DIRECTIONS FOR THIS TASK: Copy the records below exactly, from the line containing "近日,陕西省教科文卫体工会发" through the last line, and leave out every picture.

Entries taken from a collection

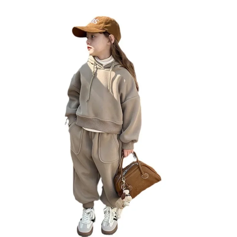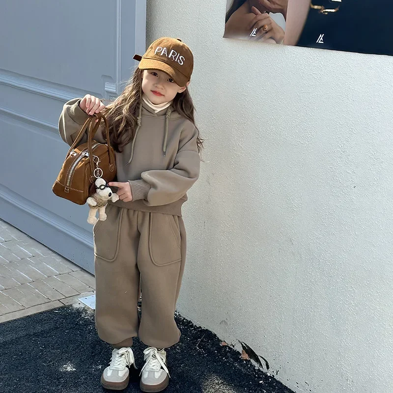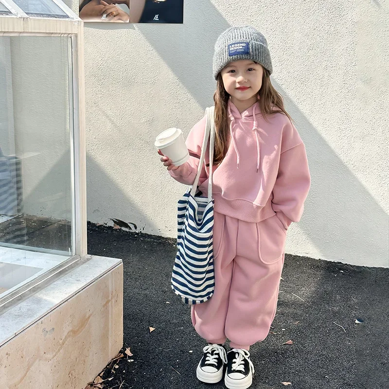 طقم هوديي للأطفال إضافة مخملية وسماكة على الطراز الكوري مركب Orly قطعة واحدة من البلوز المخملي والسراويل طقم مكون من قطعتين
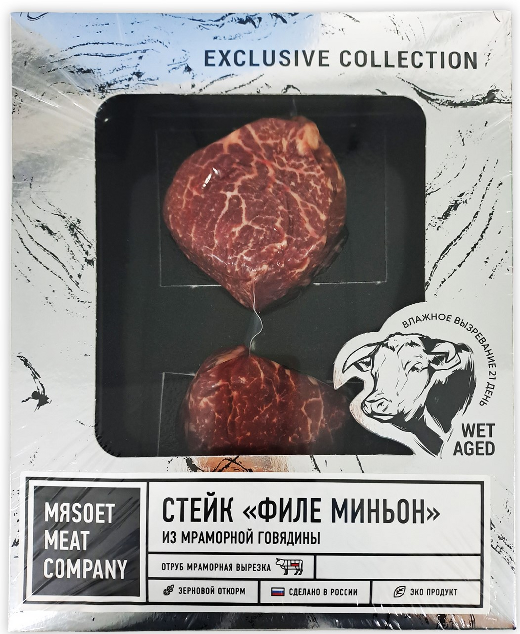 Филе-Миньон - это изысканный деликатес известный во всем мире благодаря своей неповторимо нежной текстуре. Стейки нарезают из отруба тендерлоин расположенной в поясничной части бычка. Благодаря высшей категории мраморности, стейки обладают нежной маслянистой текстурой и прекрасной сочностью. Продукт изготовлен из российской мраморной говядины высшего качества от бычков легендарной породы Black Angus. Мясо не нужно дополнительно мариновать или обрабатывать, чтобы сделать его мягче. Рекомендуемая степень прожарки для стейков филе-миньон - Medium rare или Rare.
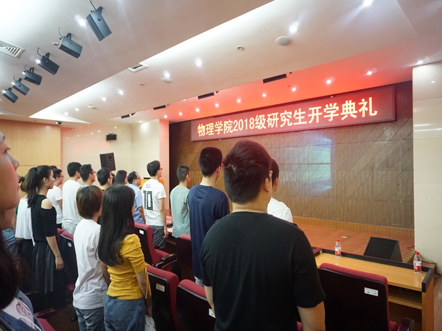 9月4日,物理學院2018級研究生開學典禮在圖書館報告廳舉行。物理學院黨委書記姜艷、執行院長姚裕貴、副院長蘇文勇、導師代表邢艷霞出席典禮,輔導員、教學干事以及2018級全體研究生參加典禮。開學典禮由學院副書記、副院長王晶晶主持。
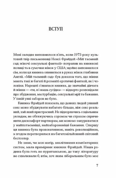Говорячи про секс, ми говоримо про жіночність і материнство, зраду та експлуатацію, згоду та повагу, справедливість і рівність, кохання та ненависть, насолоду та біль. І все ж таки з багатьох причин — складних чи ні — так багато з нас про це не говорять. Наші найглибші, найінтимніші страхи й фантазії залишаються замкненими всередині, поки хтось не принесе ключа. А ось і ключ.
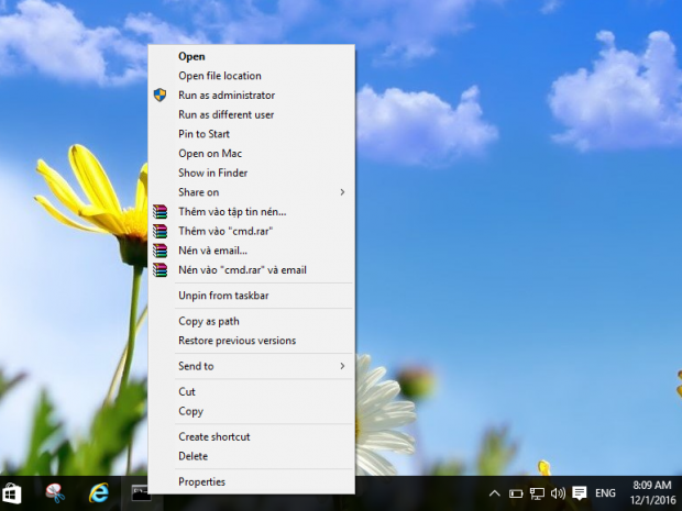 Một mẹo nữa là bạn hãy sử dụng tổ hợp phím Ctrl + Shift + chuột trái lên icon ứng dụng trên Taskbar để mở quyền quản trị viên (Administrator). Với tổ hợp phím này, bạn có thể dùng để mở cửa sổ dòng lệnh Command Prompt với quyền Administrator
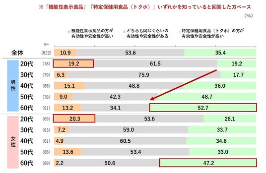 「どちらも同じくらいの有効性や安全性がある」との回答が53.6%と最も多い。国の認可が必要となる「トクホ」の方が高いとの回答は全体で35.4%だが、男女とも60代の5割が「トクホの方が高い」と回答。
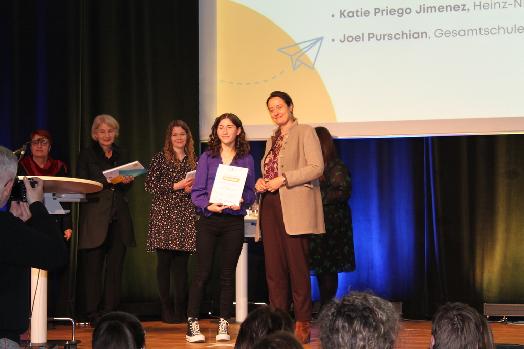 Katie Priego-Jimenez (EF) ist offiziell am Samstag, 19.11.2022 in das Förderprogramm „NRW-Talente“ aufgenommen worden. Ihre Urkunde wurde ihr im Rahmen der offiziellen Feier in der Stadthalle Gütersloh verliehen durch Anna Katharina Bölling, Regierungspräsidentin für den Regierungsbezirk Detmold. Sie erhält in den folgenden Jahren Zugang zu Beratung, zusätzlichen Kursangeboten und finanzieller Unterstützung durch die NRW-Talente. Frau Hofacker, Oberstufenleiterin der Heinz-Nixdorf-Gesamtschule ist begeistert, dass Katie Priego-Jimenez als eine von 50 Schülerinnen und Schülern in OWL in das Programm aufgenommen wurde und eine hervorragende Förderung erhält.
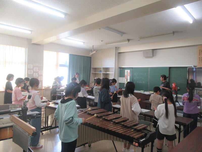 3・4年生は音楽科で合奏を行っていました。木琴や鉄琴などの様々な学期の音を合わせてリズミカルに演奏していました。何の曲を演奏しているかは・・・お楽しみにしていてください。
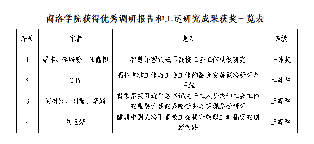 近日,陕西省教科文卫体工会发布了《关于2024年全省教科文卫体系统工会优秀调研报告和工运研究成果评审结果的通报》,开云官网工会被评为2024年全省教科文卫体工会调查研究工作先进单位。同时,开云官网获得优秀调研报告和工运研究成果一、二等奖各1项,三等奖2项。
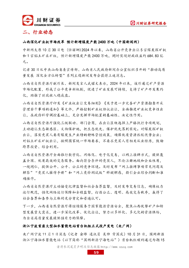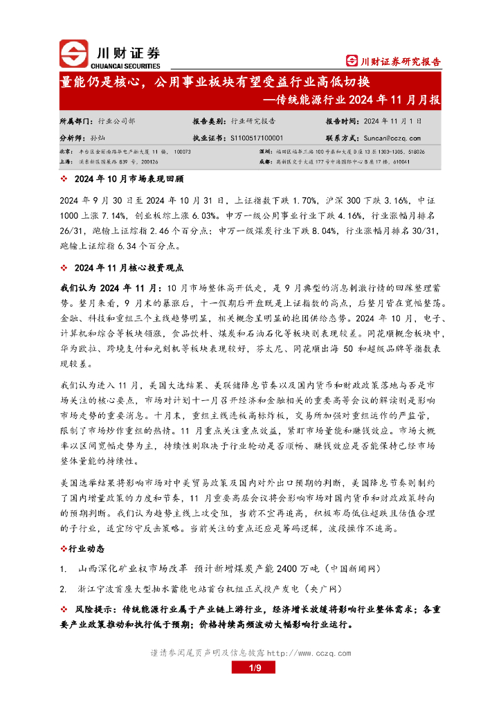 川财证券:传统能源行业2024年11月月报:量能仍是核心,公用事业板块有望受益行业高低切换.pdf
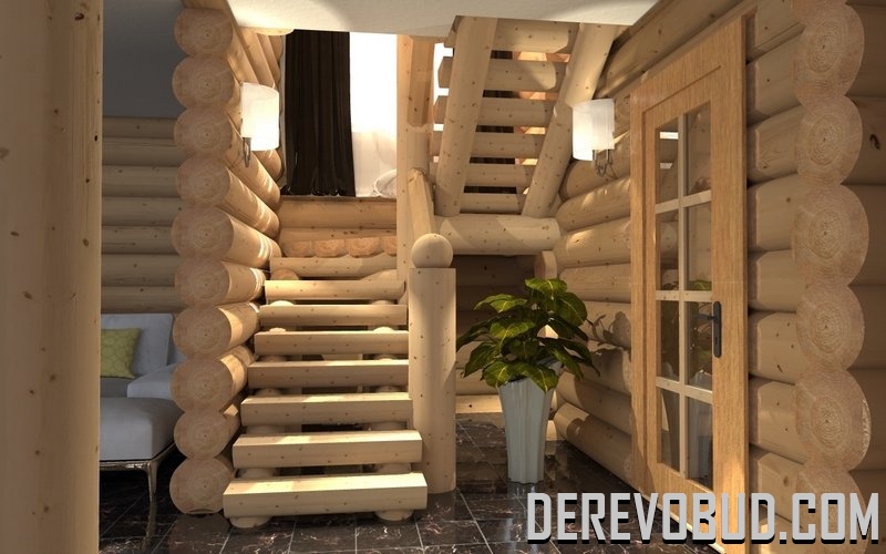 Оформление загородного деревянного домаСходи зазвичай займають центральне місце в заміському інтер'єрі. Під ними можна встановити місткі полиці, висувні ящики або створити невелику комору для різного господарського начиння. Всі інженерні системи краще приховати в стінних каналах або під чорновою підлогою. У заміському дерев'яному будинку важливим моментом є прокладання електричних кабелів. Попередньо зробіть макет розташування розеток, щоб потім було зручно їх використовувати.

SOLUTION BELOW:
 近日,陕西省教科文卫体工会发布了《关于2024年全省教科文卫体系统工会优秀调研报告和工运研究成果评审结果的通报》,开云官网工会被评为2024年全省教科文卫体工会调查研究工作先进单位。同时,开云官网获得优秀调研报告和工运研究成果一、二等奖各1项,三等奖2项。
 川财证券:传统能源行业2024年11月月报:量能仍是核心,公用事业板块有望受益行业高低切换.pdf
 Оформление загородного деревянного домаСходи зазвичай займають центральне місце в заміському інтер'єрі. Під ними можна встановити місткі полиці, висувні ящики або створити невелику комору для різного господарського начиння. Всі інженерні системи краще приховати в стінних каналах або під чорновою підлогою. У заміському дерев'яному будинку важливим моментом є прокладання електричних кабелів. Попередньо зробіть макет розташування розеток, щоб потім було зручно їх використовувати.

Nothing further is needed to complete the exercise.